Toni Reece: Hi there. This is Toni Reece, and welcome to the Get Inspired! Project for Berks County Living Magazine. Today I have Cathy Coffman with me. Welcome, Cathy.
Cathy Cuff-Coffman: Well, hello. How are you doing?
Toni: I am doing great. How are you doing?
Cathy: I’m well.
Toni: Good. So, Cathy, take a moment and tell us just a little bit about yourself.
Cathy: Well, I am a displaced Philadelphia area girl living in the Elverson/Morgantown area for 29 years. I am getting used to it now. I’m a freelance writer, musician (jazz), and I like to work. I do various jobs just for fun and just to meet people. Love my kids, love my husband, and just like life.
Toni: That sounds perfect to me. Absolutely. Alright. Shall we jump into the Project?
Cathy: Let’s do it.
Toni: Okay. What does inspiration mean to you?
Cathy: Well, when I got the information about this, I’d been thinking about it. I think what inspiration means to me is looking into each day and seeing valuable things in an ordinary life, and walking away from that and saying, “That was a good thing,” because you can go through an entire day and think it was just not even a good day, but there’s always good moments in every single day, if you just take a moment and say, “Mmm. That was pretty good.”
Toni: Those valuable moments, are they the ones that inspire you?
Cathy: They kind of are, yeah. There’s things that I don’t know if other people even see them, but sometimes I do. I thought about this. I write a lot of stories, and I started out as a trade writer, like trade magazines. I would have to write about things, and I would say to people, “You wouldn’t even be interested,” but I would go and talk to these people, and they were so interesting, because they were interested in what they were doing. I would come away from that interview or that session with somebody being inspired, because they were inspiring, because they were interested in what they were doing, which you would walk away and think, “No one else would even care, but they care.” They care so much, that I’m inspired by them. You look at people and you think, “I don’t know anything about that person, but I wonder what it is that makes them tick?”

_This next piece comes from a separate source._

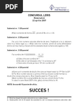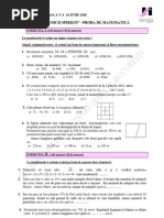 II. La problemele 10, 11 i 12 scrie i rezolvrile complete pe foaia de concurs. 10. Bogdan a primit de la bunicul su o sum de bani, pe care a cheltuit-o n cinci zile astfel: n prima zi a cheltuit o treime din suma, a doua zi un sfert din banii rmai, a treia zi jumtate din noul rest, iar a patra zi dou treimi din suma rmas dup cea de-a treia zi. Afla i c i bani a avut Bogdan la nceput, tiind c n a cincea zi a cheltuit 25 de lei. 11. O alee a unei grdini a fost pavat cu plci de beton n form de ptrat cu latura de jumtate de metru. Plcile, colorate n gri i verde, au fost grupate pe culori astfel (ncepnd de la intrarea n grdina): o plac gri, dou plci verzi, dou plci gri, patru plci verzi, trei plci gri, ase plci verzi i aa mai departe. a) Ce culoare are placa de pe pozi ia a douzeciicincea? b) tiind c ultima grup este format din plci gri, iar numrul plcilor verzi este egal cu 380, afla i lungimea aleei. 12. Maria a primit de ziua ei o cutie cu 38 de bomboane. Ea vrea s termine cutia n patru zile, mncnd n fiecare zi mai multe bomboane dect n ziua precedent. Cte bomboane ar trebui s ia Maria din cutie n fiecare zi, astfel nct numrul celor luate n ultima zi s fie de trei ori mai mare dect numrul celor luate n prima zi? Afla i toate solu iile.

Toni: It’s like a curiosity.
Cathy: It is. It’s fascinating. Everybody has their little life, but everybody has something.

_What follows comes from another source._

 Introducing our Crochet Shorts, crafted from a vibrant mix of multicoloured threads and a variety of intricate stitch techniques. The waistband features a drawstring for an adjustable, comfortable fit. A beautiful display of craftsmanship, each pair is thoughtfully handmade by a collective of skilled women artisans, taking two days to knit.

Toni: When was the last time you were inspired?
Cathy: I’m writing a story right now for Berks County Living, and I think that’s how you and I connected. It’s about mustard.
Toni: Mustard.
Cathy: Yeah. I have to finish the story, but I went up to talk to the guy, and he’s just totally into what he’s doing. He has a vision. He wants to be bigger than I thought he even thought he could be. Yeah. You just go, “I’m going to do this story about mustard,” and he was really inspiring.
Toni: So, how do you take that curiosity, that inspiration when you’re doing a story or you’re noticing something that you find value in, and put that into practice here in Berks County?
Cathy: Just in my interactions with other people. Everybody I feel has been given — maybe not in a dramatic sense — but everybody has to have a second chance or is given a second chance, and I’ve had second chances also. I look at my own interactions with people sometimes, and I fail. We all do, sometimes. I think, “How could I be better?” Then, especially I think about the people that are in my life like my family, my kids, the people that have been with me the longest, and I think about…I just take a step back sometimes when I’m interacting with others or doing what I do and think, “How do I want to be thought of?”
Maya Angelou said it. “It’s not what you say. It’s how you make people feel.” There are just little snippets that you can go along the way and think about that, because sometimes you’ll go away from something and say, “Ah. I wasn’t so good at that.” Then you can take from other people and say, “That’s how I want to be.”
Toni: So, you’re really learning and building character along the way as you are inspired?
Cathy: Exactly.
Toni: Have you ever heard the phrase, “We teach what we need to learn?”
Cathy: Sometimes, yeah.
Toni: Yeah. I love that. That’s what that reminds me of. Who in Berks County inspires you?
Cathy: Actually, I can't pick out individual people, but local musicians. Chris Burkholder is one. He’s down in Morgantown. Local musicians who put themselves out there. They’re fascinating and they’re fabulous, and they’re putting themselves out there in live shows and performing. Maybe never going to be on MTV or they’re not going to be nationally known, but they’re just so talented and so good at what they do, and they’re honing their craft every day, and giving us the gift of what they do. I’m always inspired by that.
Toni: Okay. Is it strictly musicians, or is it anybody who puts themselves out there?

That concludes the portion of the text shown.